Polish Project vs “Poland”

            Edit 27 Feb 2016.  Edit 18 Sep 2016.

            In my Fall 2009 publication I discuss reasons for considering the Polish Project as representative of historical Poland.  Accordingly, my table of haplogroups have in the past been based on all the Polish Project samples with Y-DNA STR data.  Since 2015, I restrict the data to samples that indicate “Poland” as the place of origin for their earliest known male line ancestor.  There are issues with the use of “Poland”.  These issues are discussed in the next topic.  This topic provides my reasons for the change.

            The basic reason:  the Polish Project now has too many samples from the countries bordering Poland.  Many if not most of these are probably not from the region of historical Poland.

            There are good reasons for allowing men to join the Polish Project even with ancestry from regions somewhat beyond the largest borders of historical Poland.  The Y-haplogroups for these regions are present in Poland, and more data is helpful in the task of determining the branching of haplogroups.  Discovery of the branching SNPs is one goal of the Polish Project.

            Another reason:  Mayka has been doing a great job of analysis of Polish Project data, and keeping the web page up to date.  This has attracted men from border countries to join the project, in order to learn their haplogroup branch, and in order to see the names of their distant male line relatives.  This fills another goal of the Polish Project.  Some of the neighboring countries do not have such well managed projects.

            A big reason:  Effort:  It takes a lot of effort for Mayka to determine which samples are not from the region of historical Poland.  In most cases in the past, the men needed to be contacted by email.  Mayka had been analyzing such  samples, and flagging them as “No Public Display” so they were not displayed in the public web pages.  With the growth of the Polish Project, this effort has become too great.  Some samples obviously not connected to the region of Europe near Poland are still flagged with “No Public Display”.

            I mention above that more data is helpful.  Restriction to “Poland” means less data, which means less statistical accuracy.  This was another of my reasons for considering the full Polish Project in the past.  The Polish Project has grown a lot over the years, however, so the restriction to “Poland” is no longer a very serious issue.

            There are other Y-DNA projects that could be combined with the Polish Project data to produce a larger “Poland” database.  However, these other projects concentrate on specific haplogroups or on other countries;  I know of no way to combine projects and adjust for bias to particular haplogroups.
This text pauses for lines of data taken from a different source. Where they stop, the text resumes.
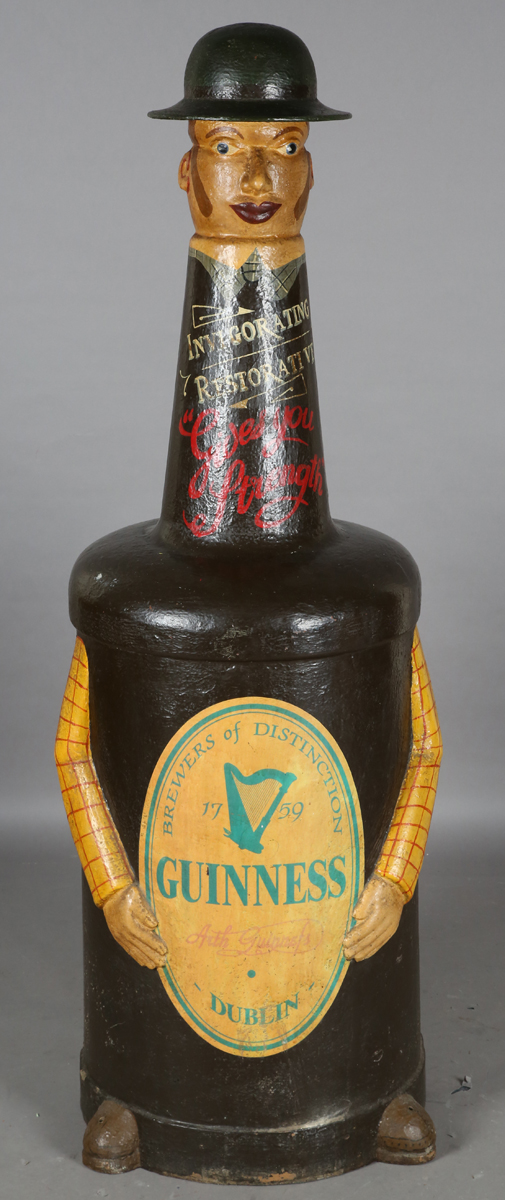 A large floor-standing fibreglass Guinness advertising model of a figural bottle, height 160cm.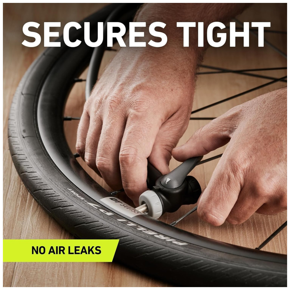 Válvula T rápida A bomba de bicicleta com válvula Presta também infla as válvulas Schrader, com um simples toque de um botão. A Rapid T Valve na bomba do pneu da bicicleta veda forte sem vazamentos irritantes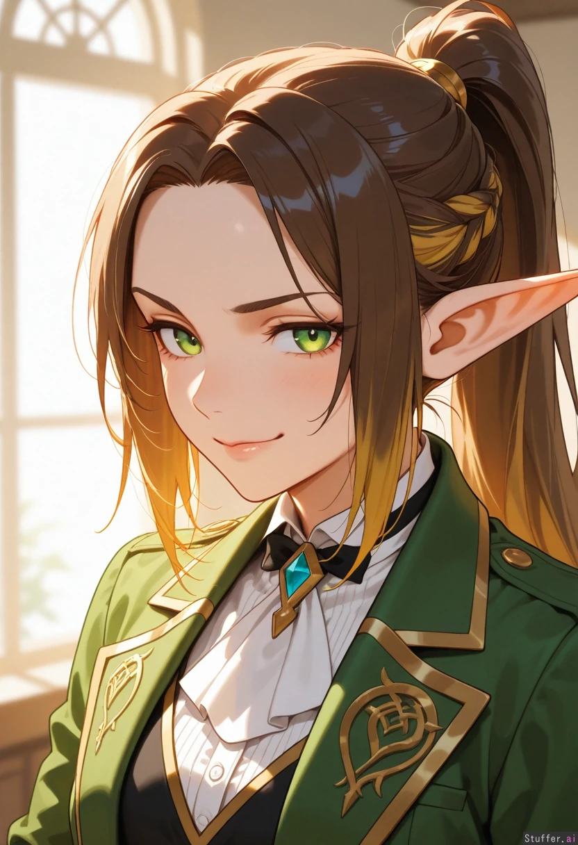 (Solo), Highres, long Ponytail, brown hair, blonde tips, two-tone hair, guild receptionist, elf ears, green eyes, green crop jacket, smirk,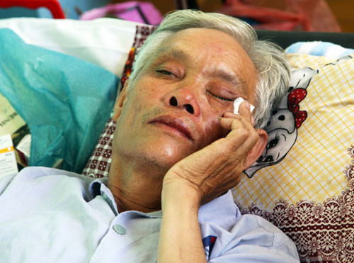 Theo bác sĩ Trần Minh Toàn – trưởng kíp trực cấp cứu, 2 bệnh nhân Vĩnh, Cạng nhập viện hồi 21h40 tối ngày 21/3. Trong đó, bệnh nhân Vĩnh hai mắt bị bỏng kết mạc, giác mạc ở mức độ rất nặng. Bệnh nhân Cạng cũng bị tình trạng tương tự nhưng ở mức độ trung bình, bỏng ở mặt. Sau khi rửa vết thương, cả 2 bệnh nhân này được chuyển lên điều trị tại khoa Mắt của bệnh viện Chợ Rẫy.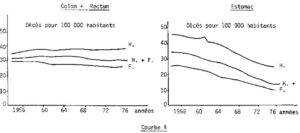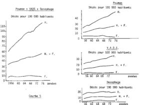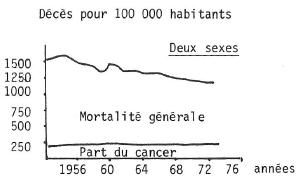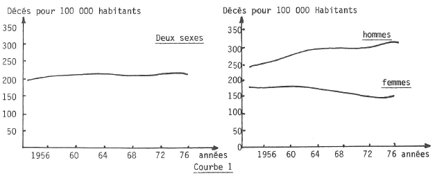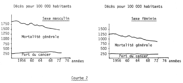 La courbe 1 indique le nombre de décès sur 100 000 habitants, dû au cancer de 1956 à 1976. On constate qu’il s’agit presque d’une horizontale. Pour la femme il y a une légère baisse et pour l’homme une légère montée.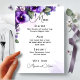 "Delicie seus convidados com nosso menu de casamento lindamente projetado, apresentando elegantes acentos florais roxos e prateados sobre um requintado fundo de marfim. Uma combinação perfeita de sofisticação e estilo para o seu dia especial."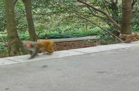 公园里有一些放养的猕猴,请将自己的随身物品放包里,不要去逗弄猴子,以免发生危险。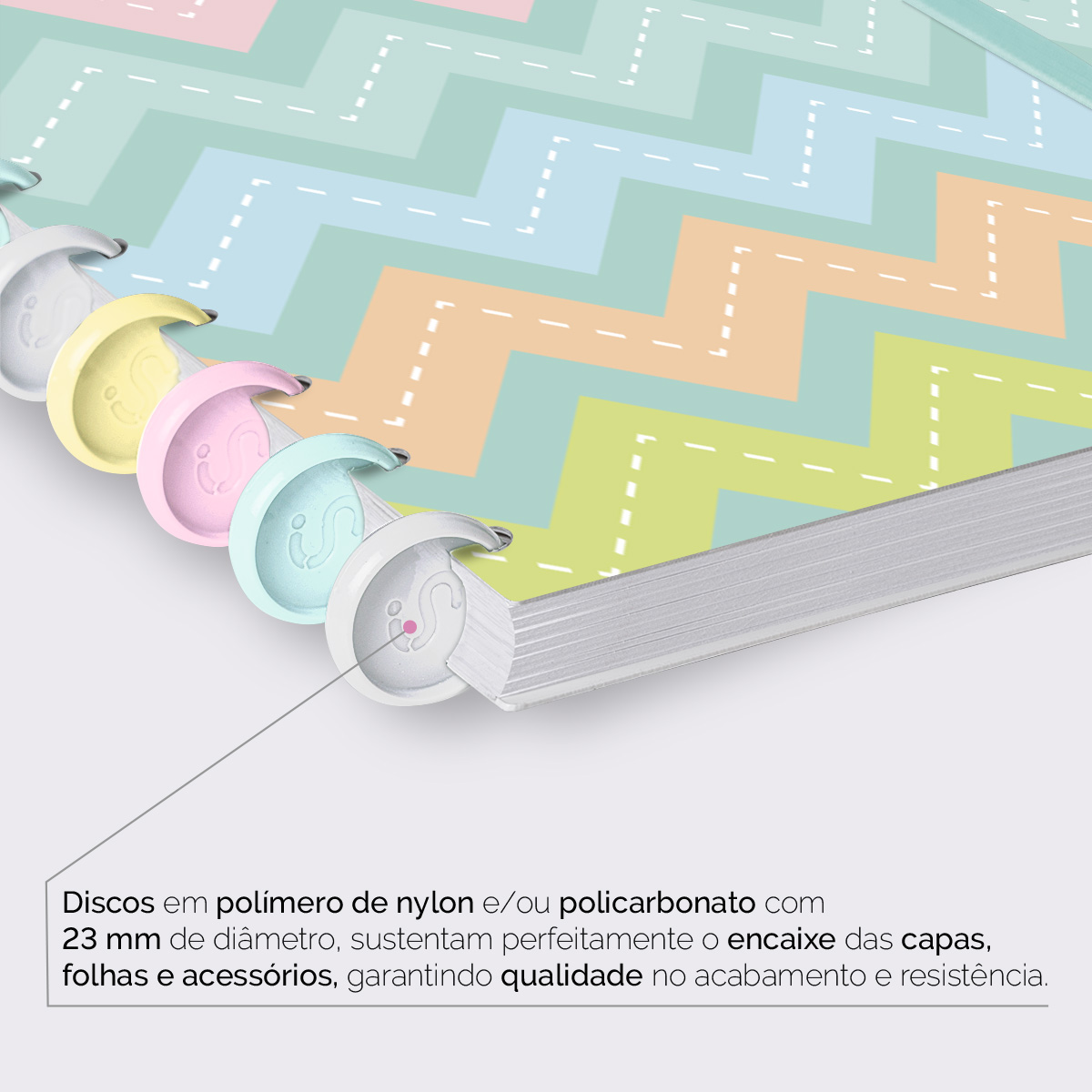 Encadernado com 11 discos M de 23mm em polímero de nylon e/ou policarbonato coloridos, fabricados no Brasil.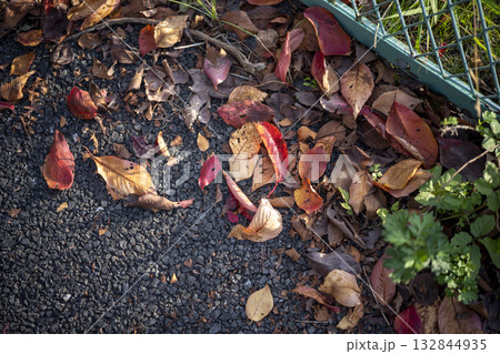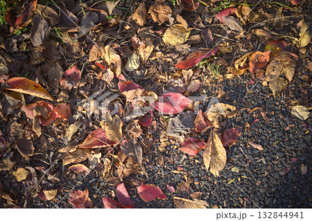 秋の落ち葉 散歩道 地面 一面 赤い イメージ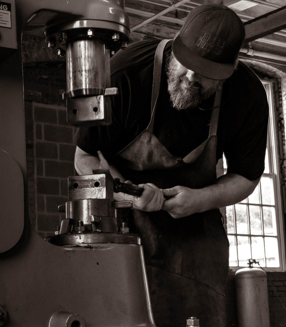 Nick Anger creates renowned precision-forged chef knives at his shop in northern Vermont. Often employing his own custom damascus, whether formed from folded and twisted carbon steel bars or from ball bearings and powder steel, Nick is continually experimenting and pushing the boundaries of metallurgy in relation to high-performance kitchen knife blades. The forging process itself, followed by his heat treatment, quench, and tempering is done in a tightly controlled multi-step process honed for the steels he makes and uses. From the smallest paring knife to his gorgeous boning knives and the largest full-size chef blades, integral construction is Nick's preferred configuration, with recognizable and remarkably elegant curves and angles defining the bolster where the blade meets the handle and providing a unique aesthetic element that speaks to his eye for captivating three-dimensional forms.

            Men with “Poland” provided for origin who do not join the Polish Project may be relatively less certain of their Polish male line ancestry, so the Polish Project may well serve as a more concentrated database regarding Polish ethnicity.  Ethnicity is discussed in the following topics.

            There are issues involved with using self assignment to “Poland” as the criterion for a database.  These issues are discussed in the following topic.  However, there are also issues in using self assignment to a geographical region as the criterion, so my recent change to “Poland” is primarily a change of issues and interpretation, as discussed in the following topics.

 

Issues with “Poland”

            Edit 21 Feb 2016.

            For the Haplogroup Summary Table, my database is those samples from the Polish Project that indicate “Poland” as the earliest known male line ancestor’s origin.  There are issues with this use of “Poland”:

            Partition of Poland.    “Austria” or “Russia” or “Prussia” or “Germany” were used by many Polish immigrants in other countries (mainly USA around 1900) in documentation of place of birth, because Poland did not exist from 1795 to 1918.  Poland was split three ways.  The Austrian sector was in the south.  The Russian sector was in the east.  The Prussian (now German) sector was in the west.  Some men, when submitting their DNA data, correct this and enter “Poland” if they consider their male line Polish, while others who consider their male line Polish just copy the documentation for origin as reported in the immigration document.  The uncorrected data reduces the “Poland” database and thereby reduces the accuracy of haplogroup percentages.  Data may have a bias if correction from certain sectors is more common.  For example, maybe Polish immigrants from Russia said “Poland” as their origin less often than Polish immigrants from Austria said “Poland”;  or vice-versa;  we don’t know which way it might bias.  Insofar as some haplogroups are more common in some sectors than others, this may introduce a bias in the percentages of haplogroups in Poland.

            In the time between WWI and WWII, a large part of what is now Belarus and Ukraine was in the eastern part of Poland.  Again, some men who consider their male line Polish may correct their documentation to “Poland”, if the documentation says “Belarus” or “Ukraine”.  Here, there is also the opposite problem:  some men from Belarus or Ukraine who do not consider their male line Polish may enter “Poland” if their documentation so indicates.  Similarly, some of what is now western Poland was Germany in the past.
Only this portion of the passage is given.